ASSIGNED TASK: Without including any pictures, return the records below exactly as written.

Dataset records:
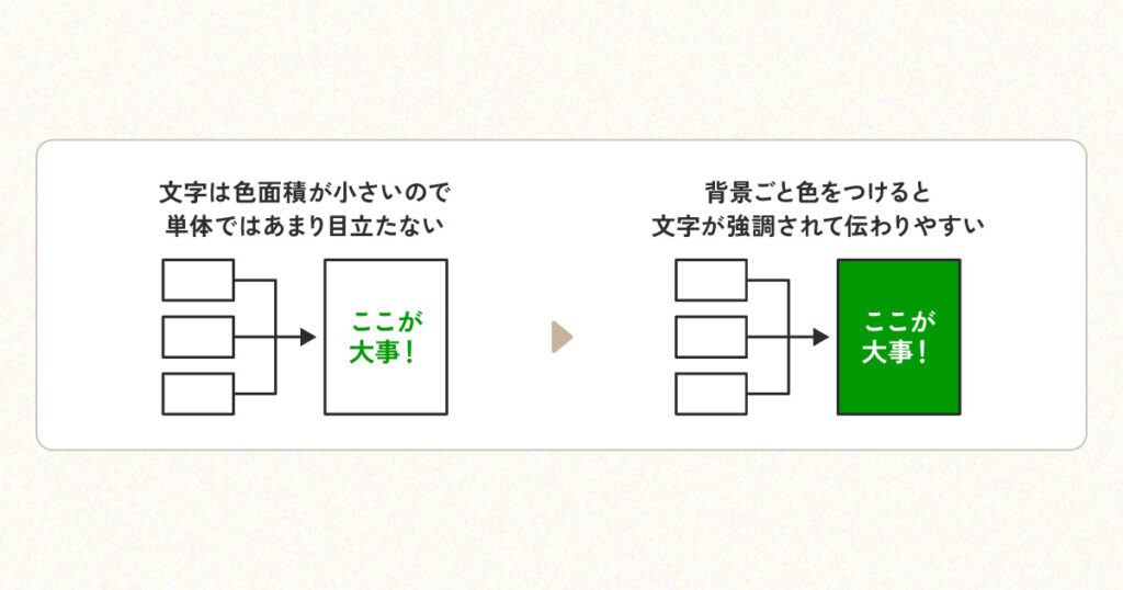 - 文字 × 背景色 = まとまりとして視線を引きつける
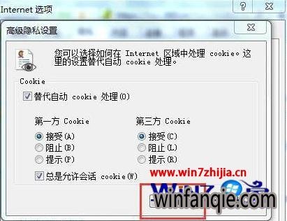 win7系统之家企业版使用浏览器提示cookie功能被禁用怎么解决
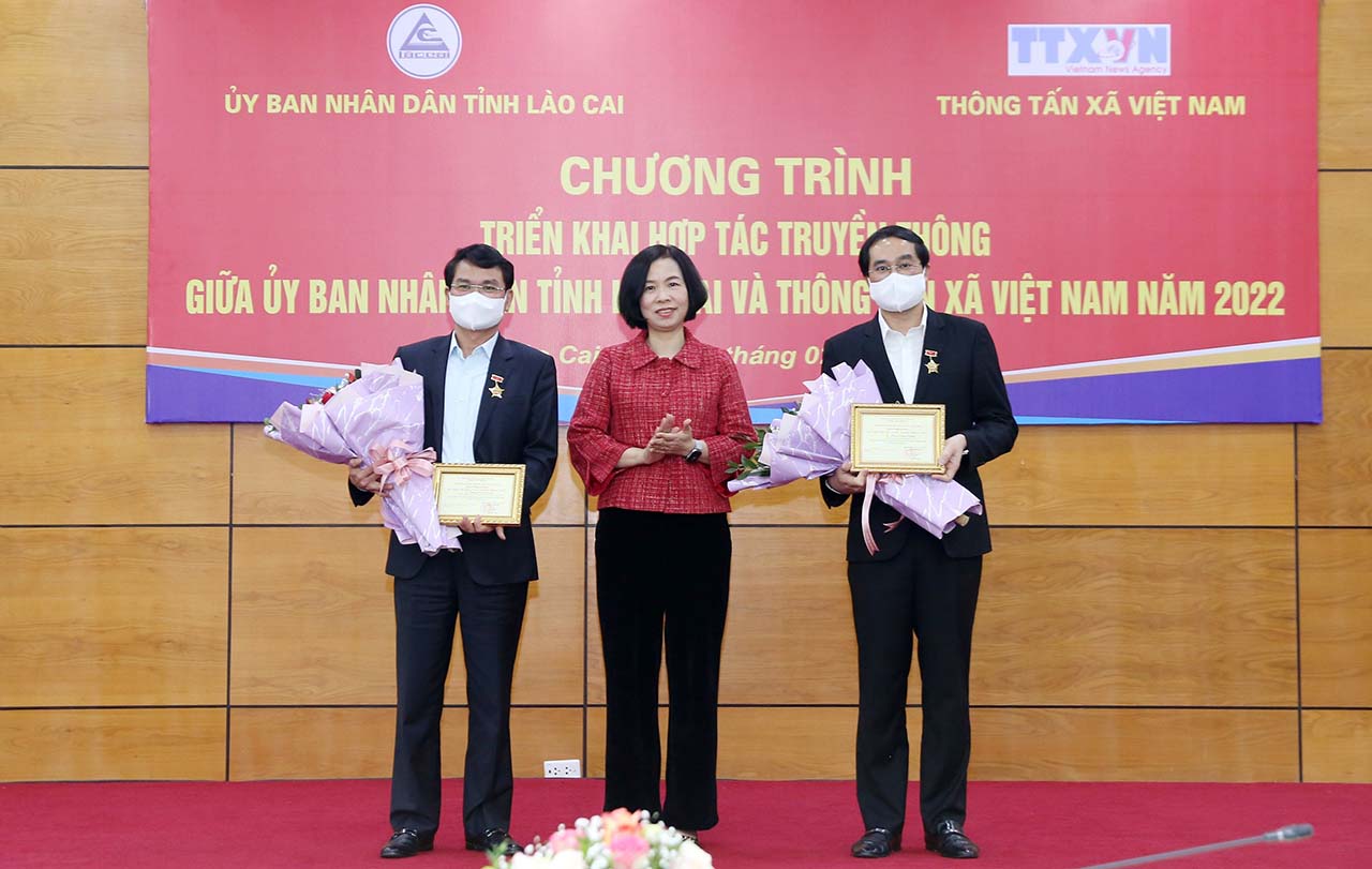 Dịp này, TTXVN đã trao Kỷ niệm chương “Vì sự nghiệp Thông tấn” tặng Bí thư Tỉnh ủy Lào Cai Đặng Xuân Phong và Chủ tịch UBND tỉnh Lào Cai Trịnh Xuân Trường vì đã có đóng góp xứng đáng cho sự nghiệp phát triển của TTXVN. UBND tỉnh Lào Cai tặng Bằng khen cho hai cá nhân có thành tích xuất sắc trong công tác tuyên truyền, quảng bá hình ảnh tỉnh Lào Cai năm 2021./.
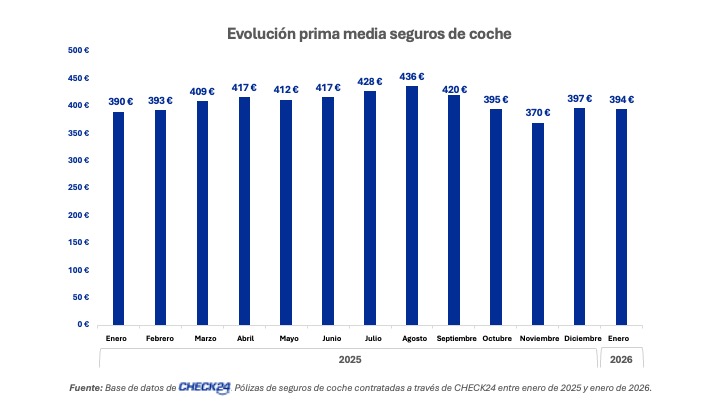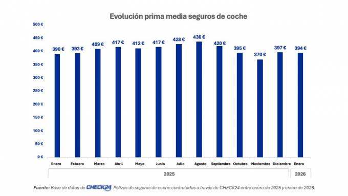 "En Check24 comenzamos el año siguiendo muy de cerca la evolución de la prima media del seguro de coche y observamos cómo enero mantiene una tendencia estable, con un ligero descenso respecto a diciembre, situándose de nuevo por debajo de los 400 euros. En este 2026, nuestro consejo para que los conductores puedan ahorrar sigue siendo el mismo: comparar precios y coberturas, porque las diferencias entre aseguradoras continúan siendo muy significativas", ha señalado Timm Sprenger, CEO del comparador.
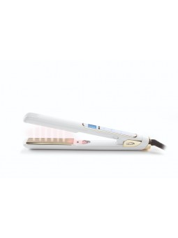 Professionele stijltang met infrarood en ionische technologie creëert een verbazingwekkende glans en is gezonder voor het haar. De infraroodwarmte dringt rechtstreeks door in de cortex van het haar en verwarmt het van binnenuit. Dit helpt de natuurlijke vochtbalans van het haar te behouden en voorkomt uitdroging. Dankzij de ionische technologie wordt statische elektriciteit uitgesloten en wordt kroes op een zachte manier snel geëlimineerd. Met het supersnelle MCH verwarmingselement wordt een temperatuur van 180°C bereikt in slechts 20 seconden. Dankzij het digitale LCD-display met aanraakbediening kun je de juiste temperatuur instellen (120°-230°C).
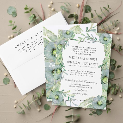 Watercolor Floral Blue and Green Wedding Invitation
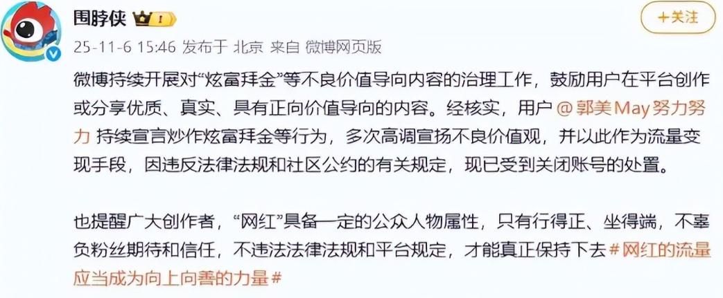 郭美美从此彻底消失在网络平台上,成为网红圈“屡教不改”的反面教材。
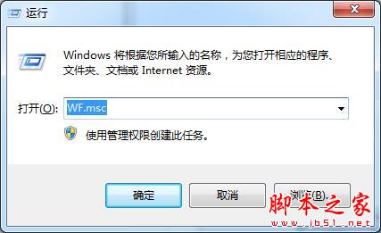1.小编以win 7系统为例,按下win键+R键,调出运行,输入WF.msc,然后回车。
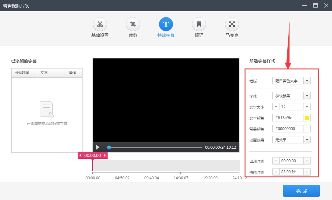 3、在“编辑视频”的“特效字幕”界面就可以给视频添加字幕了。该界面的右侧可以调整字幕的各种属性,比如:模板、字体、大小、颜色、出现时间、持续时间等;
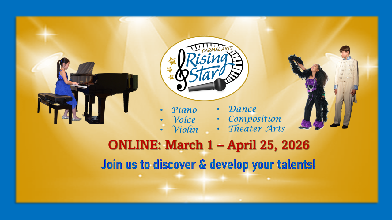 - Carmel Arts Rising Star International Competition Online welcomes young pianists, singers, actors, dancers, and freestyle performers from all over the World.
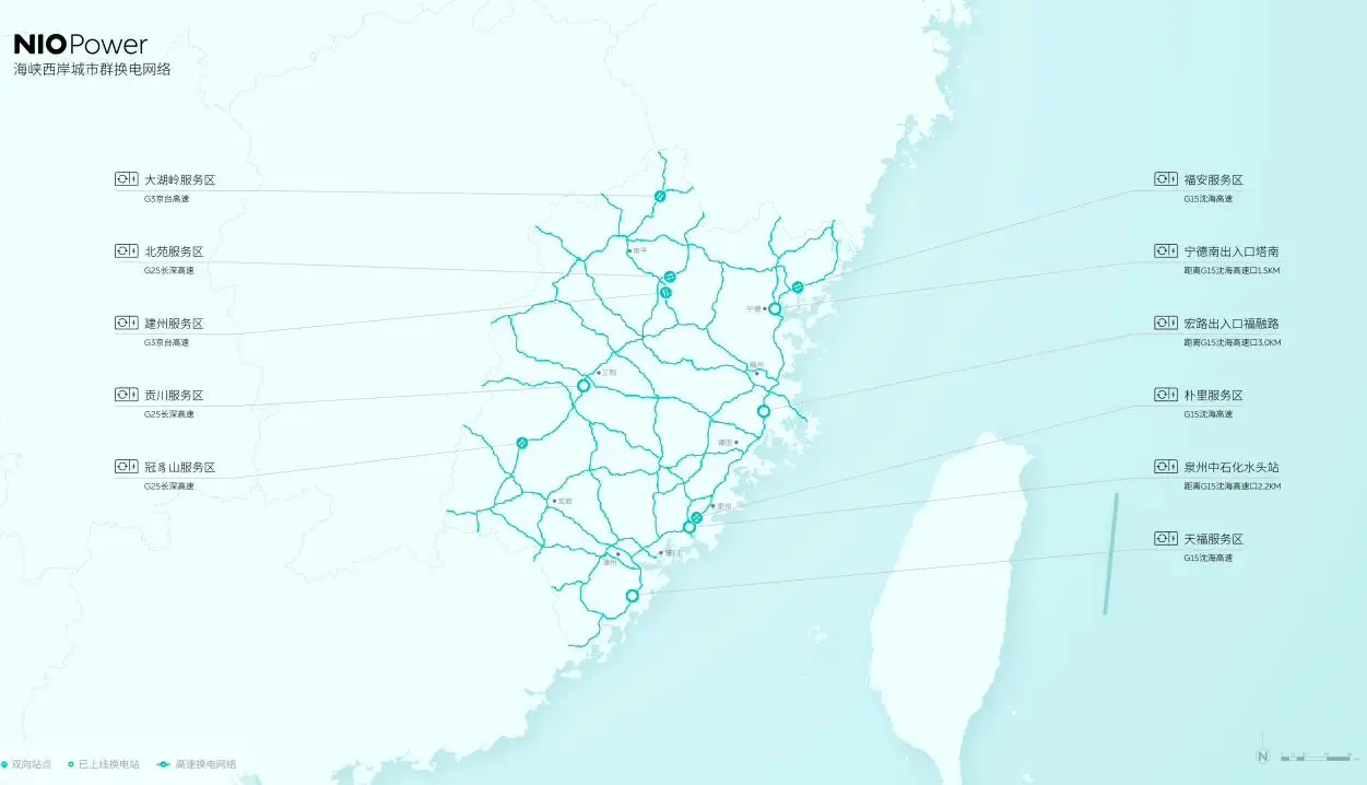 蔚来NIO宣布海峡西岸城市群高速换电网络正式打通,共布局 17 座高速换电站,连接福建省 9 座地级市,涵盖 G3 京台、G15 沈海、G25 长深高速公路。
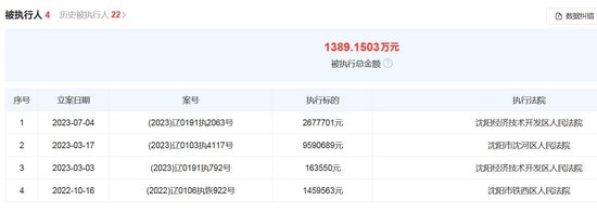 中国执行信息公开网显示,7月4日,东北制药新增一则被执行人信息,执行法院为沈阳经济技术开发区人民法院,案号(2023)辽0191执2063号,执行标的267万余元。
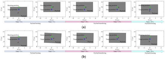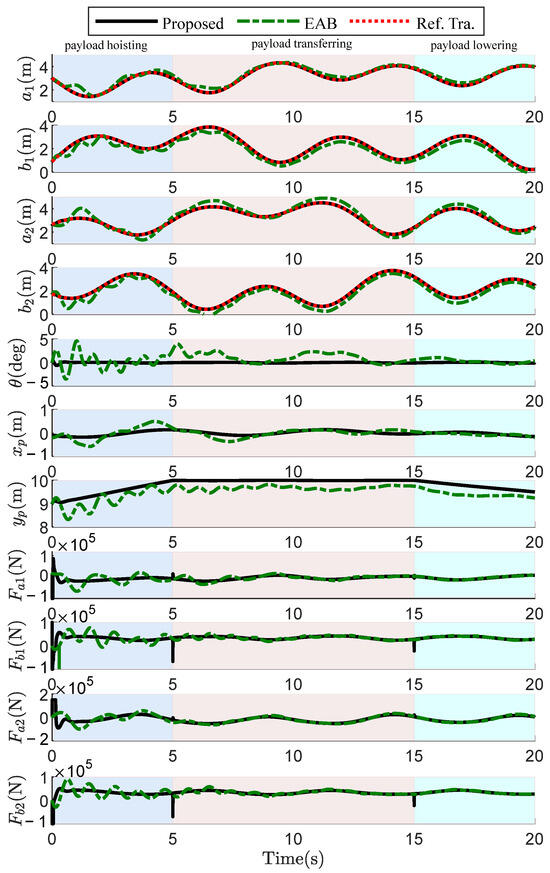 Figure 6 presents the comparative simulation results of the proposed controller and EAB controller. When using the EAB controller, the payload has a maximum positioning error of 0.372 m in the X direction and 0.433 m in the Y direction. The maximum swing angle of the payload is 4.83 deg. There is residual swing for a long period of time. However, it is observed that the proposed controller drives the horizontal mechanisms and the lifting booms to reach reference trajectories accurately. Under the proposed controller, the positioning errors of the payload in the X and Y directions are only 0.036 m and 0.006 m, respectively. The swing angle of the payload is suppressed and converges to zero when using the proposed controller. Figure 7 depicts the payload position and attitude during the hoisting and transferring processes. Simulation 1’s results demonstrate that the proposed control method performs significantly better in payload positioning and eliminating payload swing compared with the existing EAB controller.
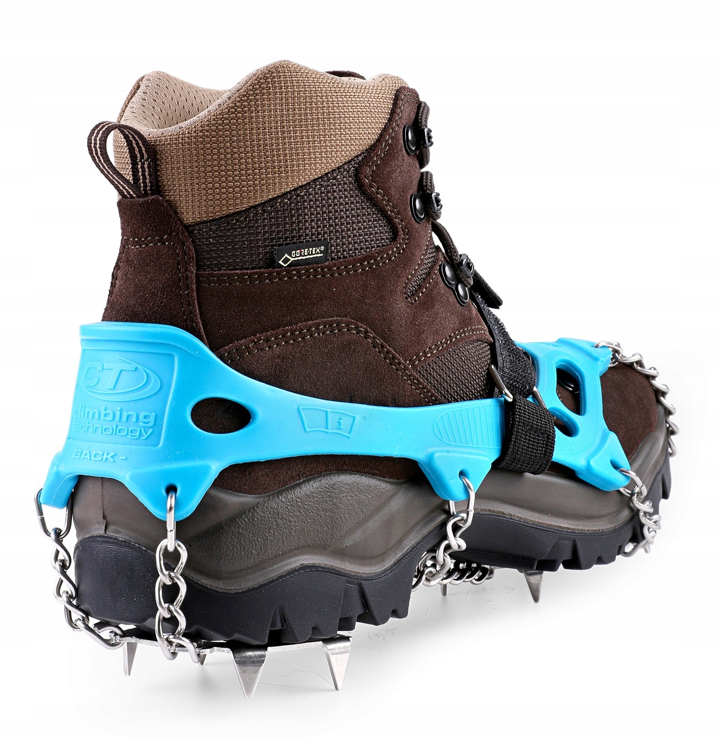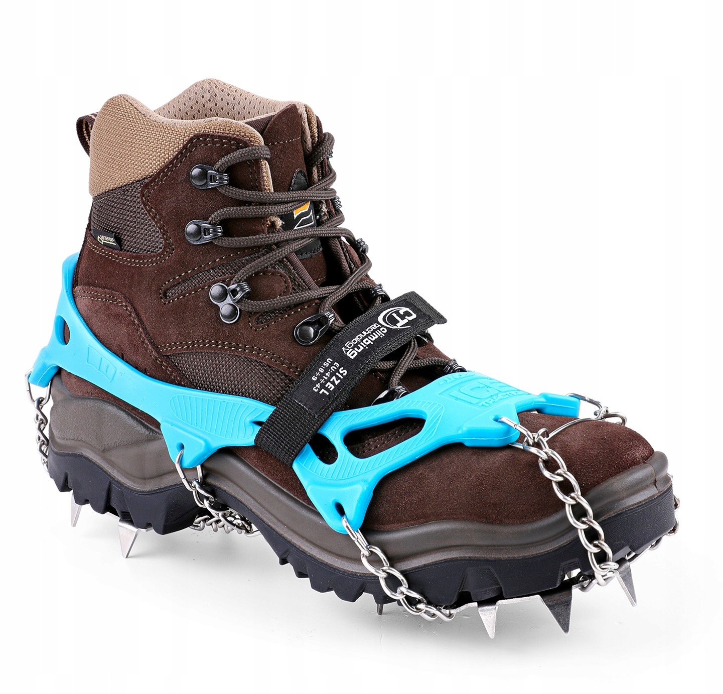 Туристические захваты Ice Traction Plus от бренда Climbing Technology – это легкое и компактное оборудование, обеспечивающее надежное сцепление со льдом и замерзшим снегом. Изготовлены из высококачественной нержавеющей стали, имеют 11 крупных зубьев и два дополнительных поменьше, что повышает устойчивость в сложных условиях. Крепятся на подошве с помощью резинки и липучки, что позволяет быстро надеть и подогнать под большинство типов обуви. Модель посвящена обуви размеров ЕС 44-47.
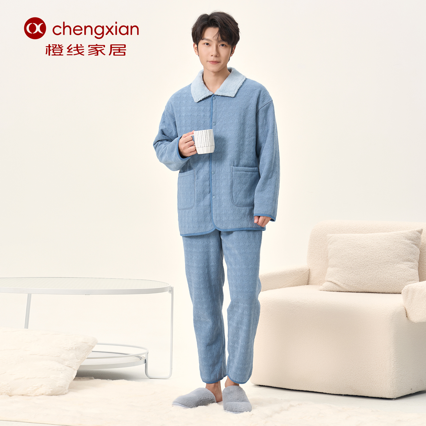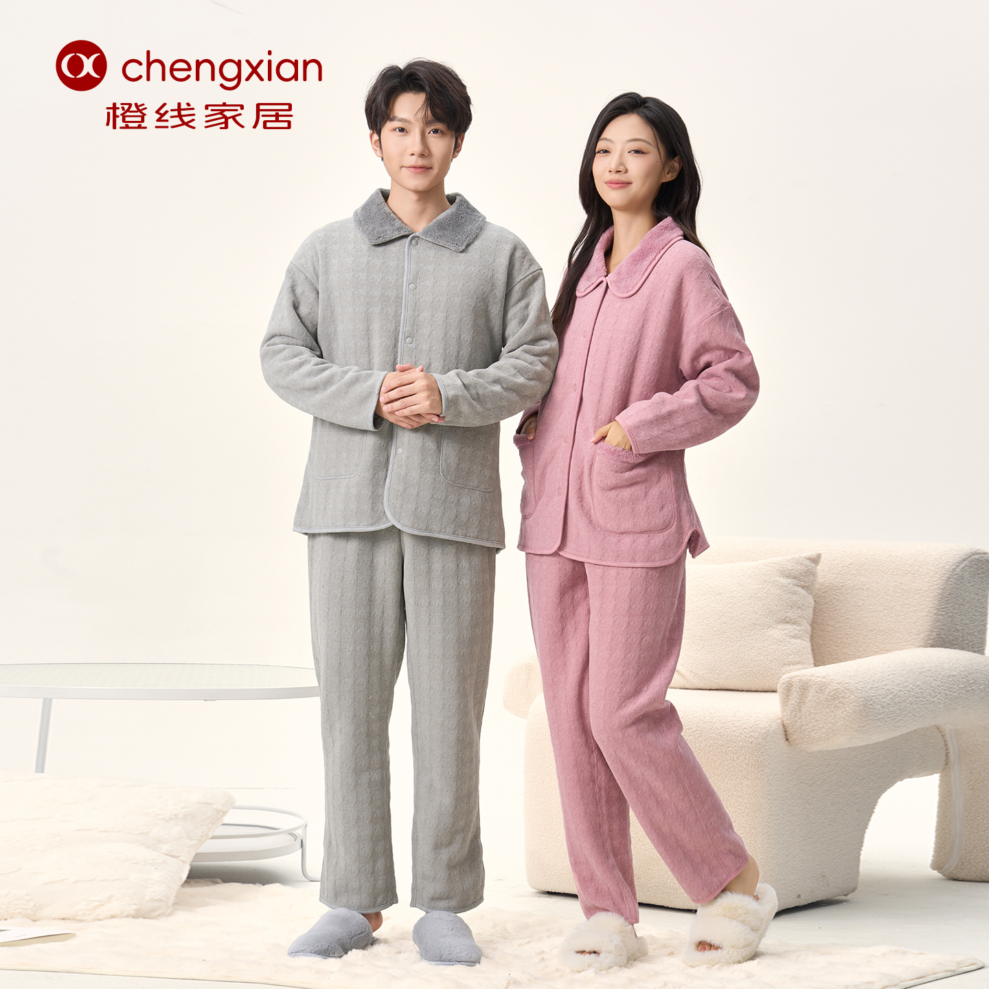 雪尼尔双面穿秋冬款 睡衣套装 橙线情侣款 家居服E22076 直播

RESULT BELOW:
 - 文字 × 背景色 = まとまりとして視線を引きつける
 win7系统之家企业版使用浏览器提示cookie功能被禁用怎么解决
 Dịp này, TTXVN đã trao Kỷ niệm chương “Vì sự nghiệp Thông tấn” tặng Bí thư Tỉnh ủy Lào Cai Đặng Xuân Phong và Chủ tịch UBND tỉnh Lào Cai Trịnh Xuân Trường vì đã có đóng góp xứng đáng cho sự nghiệp phát triển của TTXVN. UBND tỉnh Lào Cai tặng Bằng khen cho hai cá nhân có thành tích xuất sắc trong công tác tuyên truyền, quảng bá hình ảnh tỉnh Lào Cai năm 2021./.
 "En Check24 comenzamos el año siguiendo muy de cerca la evolución de la prima media del seguro de coche y observamos cómo enero mantiene una tendencia estable, con un ligero descenso respecto a diciembre, situándose de nuevo por debajo de los 400 euros. En este 2026, nuestro consejo para que los conductores puedan ahorrar sigue siendo el mismo: comparar precios y coberturas, porque las diferencias entre aseguradoras continúan siendo muy significativas", ha señalado Timm Sprenger, CEO del comparador.
 Professionele stijltang met infrarood en ionische technologie creëert een verbazingwekkende glans en is gezonder voor het haar. De infraroodwarmte dringt rechtstreeks door in de cortex van het haar en verwarmt het van binnenuit. Dit helpt de natuurlijke vochtbalans van het haar te behouden en voorkomt uitdroging. Dankzij de ionische technologie wordt statische elektriciteit uitgesloten en wordt kroes op een zachte manier snel geëlimineerd. Met het supersnelle MCH verwarmingselement wordt een temperatuur van 180°C bereikt in slechts 20 seconden. Dankzij het digitale LCD-display met aanraakbediening kun je de juiste temperatuur instellen (120°-230°C).
 Watercolor Floral Blue and Green Wedding Invitation
 郭美美从此彻底消失在网络平台上,成为网红圈“屡教不改”的反面教材。
1.小编以win 7系统为例,按下win键+R键,调出运行,输入WF.msc,然后回车。
 3、在“编辑视频”的“特效字幕”界面就可以给视频添加字幕了。该界面的右侧可以调整字幕的各种属性,比如:模板、字体、大小、颜色、出现时间、持续时间等;
 - Carmel Arts Rising Star International Competition Online welcomes young pianists, singers, actors, dancers, and freestyle performers from all over the World.
 蔚来NIO宣布海峡西岸城市群高速换电网络正式打通,共布局 17 座高速换电站,连接福建省 9 座地级市,涵盖 G3 京台、G15 沈海、G25 长深高速公路。
 中国执行信息公开网显示,7月4日,东北制药新增一则被执行人信息,执行法院为沈阳经济技术开发区人民法院,案号(2023)辽0191执2063号,执行标的267万余元。
 Figure 6 presents the comparative simulation results of the proposed controller and EAB controller. When using the EAB controller, the payload has a maximum positioning error of 0.372 m in the X direction and 0.433 m in the Y direction. The maximum swing angle of the payload is 4.83 deg. There is residual swing for a long period of time. However, it is observed that the proposed controller drives the horizontal mechanisms and the lifting booms to reach reference trajectories accurately. Under the proposed controller, the positioning errors of the payload in the X and Y directions are only 0.036 m and 0.006 m, respectively. The swing angle of the payload is suppressed and converges to zero when using the proposed controller. Figure 7 depicts the payload position and attitude during the hoisting and transferring processes. Simulation 1’s results demonstrate that the proposed control method performs significantly better in payload positioning and eliminating payload swing compared with the existing EAB controller.
 Туристические захваты Ice Traction Plus от бренда Climbing Technology – это легкое и компактное оборудование, обеспечивающее надежное сцепление со льдом и замерзшим снегом. Изготовлены из высококачественной нержавеющей стали, имеют 11 крупных зубьев и два дополнительных поменьше, что повышает устойчивость в сложных условиях. Крепятся на подошве с помощью резинки и липучки, что позволяет быстро надеть и подогнать под большинство типов обуви. Модель посвящена обуви размеров ЕС 44-47.
 雪尼尔双面穿秋冬款 睡衣套装 橙线情侣款 家居服E22076 直播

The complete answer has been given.